1.node_classfication

对于节点分类的任务,GAT的得分是0.765,GCN的得分是0.779。
不同的层数和不同的out_channels通过更改hidden_channels_list的数值。
GAT更改为GCN

2.edge_classification
由于之前的学习已经保存了"Cora"数据集,所以将Planetoild中的路径修改。
修改数据保存路径

参考代码
<code: node_classification.ipynb>

import os.path as osp

import torch
import torch.nn.functional as F
from torch_geometric.data import (InMemoryDataset, download_url)
from torch_geometric.nn import GATConv, Sequential
from torch_geometric.transforms import NormalizeFeatures
from torch_geometric.io import read_planetoid_data
from torch.nn import Linear, ReLU

class PlanetoidPubMed(InMemoryDataset):
    r"""The citation network datasets "PubMed" from the
    `"Revisiting Semi-Supervised Learning with Graph Embeddings"
    <https://arxiv.org/abs/1603.08861>`_ paper.
    Nodes represent documents and edges represent citation links.
    Training, validation and test splits are given by binary masks.

    Args:
        root (string): Root directory where the dataset should be saved.
        split (string): The type of dataset split
            (:obj:`"public"`, :obj:`"full"`, :obj:`"random"`).
            If set to :obj:`"public"`, the split will be the public fixed split
            from the
            `"Revisiting Semi-Supervised Learning with Graph Embeddings"
            <https://arxiv.org/abs/1603.08861>`_ paper.
            If set to :obj:`"full"`, all nodes except those in the validation
            and test sets will be used for training (as in the
            `"FastGCN: Fast Learning with Graph Convolutional Networks via
            Importance Sampling" <https://arxiv.org/abs/1801.10247>`_ paper).
            If set to :obj:`"random"`, train, validation, and test sets will be
            randomly generated, according to :obj:`num_train_per_class`,
            :obj:`num_val` and :obj:`num_test`. (default: :obj:`"public"`)
        num_train_per_class (int, optional): The number of training samples
            per class in case of :obj:`"random"` split. (default: :obj:`20`)
        num_val (int, optional): The number of validation samples in case of
            :obj:`"random"` split. (default: :obj:`500`)
        num_test (int, optional): The number of test samples in case of
            :obj:`"random"` split. (default: :obj:`1000`)
        transform (callable, optional): A function/transform that takes in an
            :obj:`torch_geometric.data.Data` object and returns a transformed
            version. The data object will be transformed before every access.
            (default: :obj:`None`)
        pre_transform (callable, optional): A function/transform that takes in
            an :obj:`torch_geometric.data.Data` object and returns a
            transformed version. The data object will be transformed before
            being saved to disk. (default: :obj:`None`)
    """

    url = 'https://github.com/kimiyoung/planetoid/raw/master/data'

    def __init__(self, root, split="public", num_train_per_class=20,
                 num_val=500, num_test=1000, transform=None,
                 pre_transform=None):

        super(PlanetoidPubMed, self).__init__(root, transform, pre_transform)
        self.data, self.slices = torch.load(self.processed_paths[0])

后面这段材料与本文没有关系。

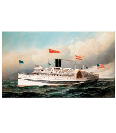 Built at the peak of the steamboat industry's "good times" The Connecticut was launched by the Stonington Steam Ship Company along with Providence, and Massachusetts; designed to compete with the Fall Rivers Line Pilgrim and Puritan. Individually and collectively, these ships represented the biggest, best and most innovated among steamboat art and technology. The original oil on canvas painting is 30" x 50" and is prominently displayed in the Wine Bar at the Griswold Inn.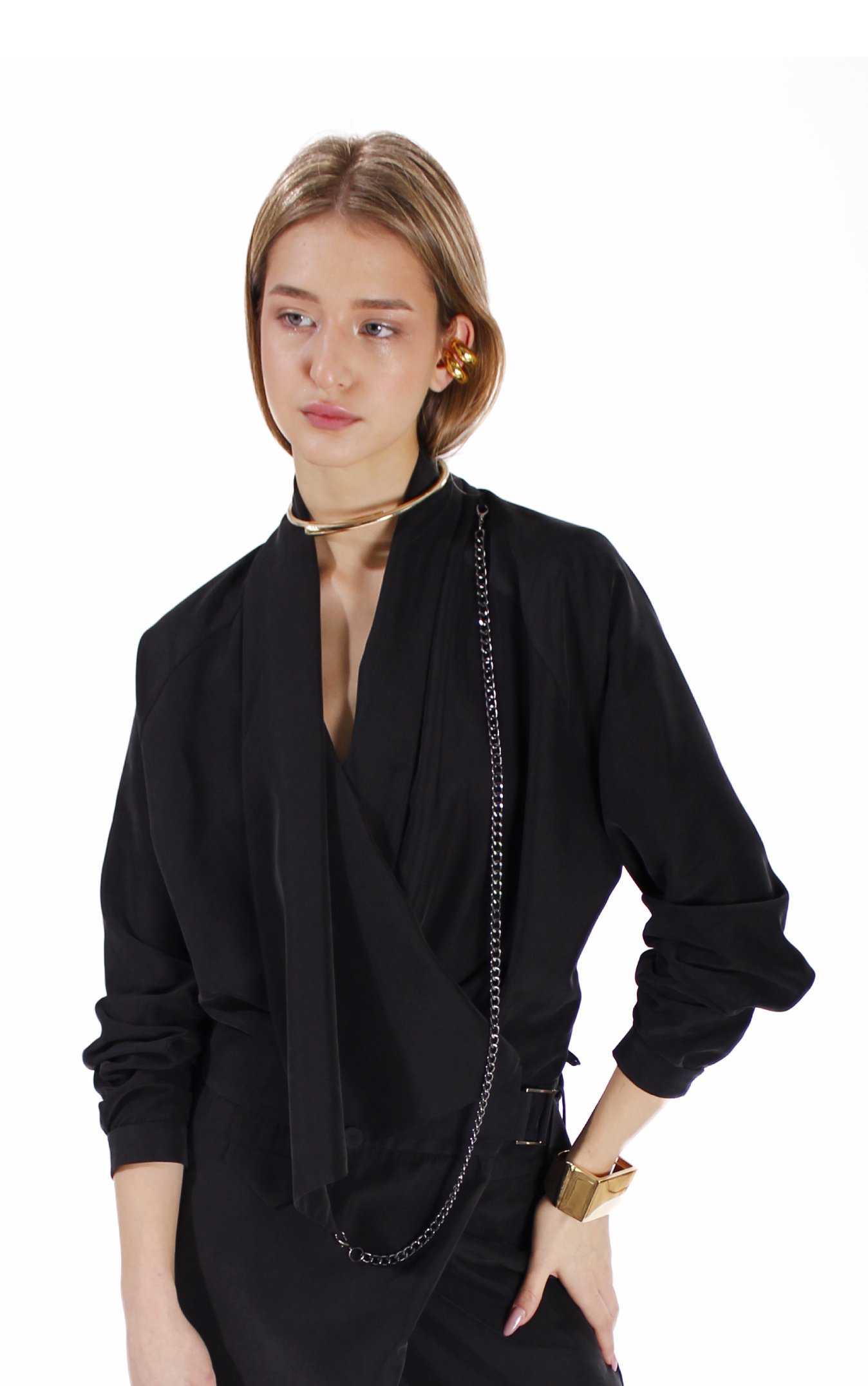 • black stripes masculine jacket • one or two button closure • chest welt pocket • 3 side pockets • back slit • sleeves splits • 4 button cuffs • curved hem • separate belt

        self.split = split
        assert self.split in ['public', 'full', 'random']

        if split == 'full':
            data = self.get(0)
            data.train_mask.fill_(True)
            data.train_mask[data.val_mask | data.test_mask] = False
            self.data, self.slices = self.collate([data])

        elif split == 'random':
            data = self.get(0)
            data.train_mask.fill_(False)
            for c in range(self.num_classes):
                idx = (data.y == c).nonzero(as_tuple=False).view(-1)
                idx = idx[torch.randperm(idx.size(0))[:num_train_per_class]]
                data.train_mask[idx] = True

            remaining = (~data.train_mask).nonzero(as_tuple=False).view(-1)
            remaining = remaining[torch.randperm(remaining.size(0))]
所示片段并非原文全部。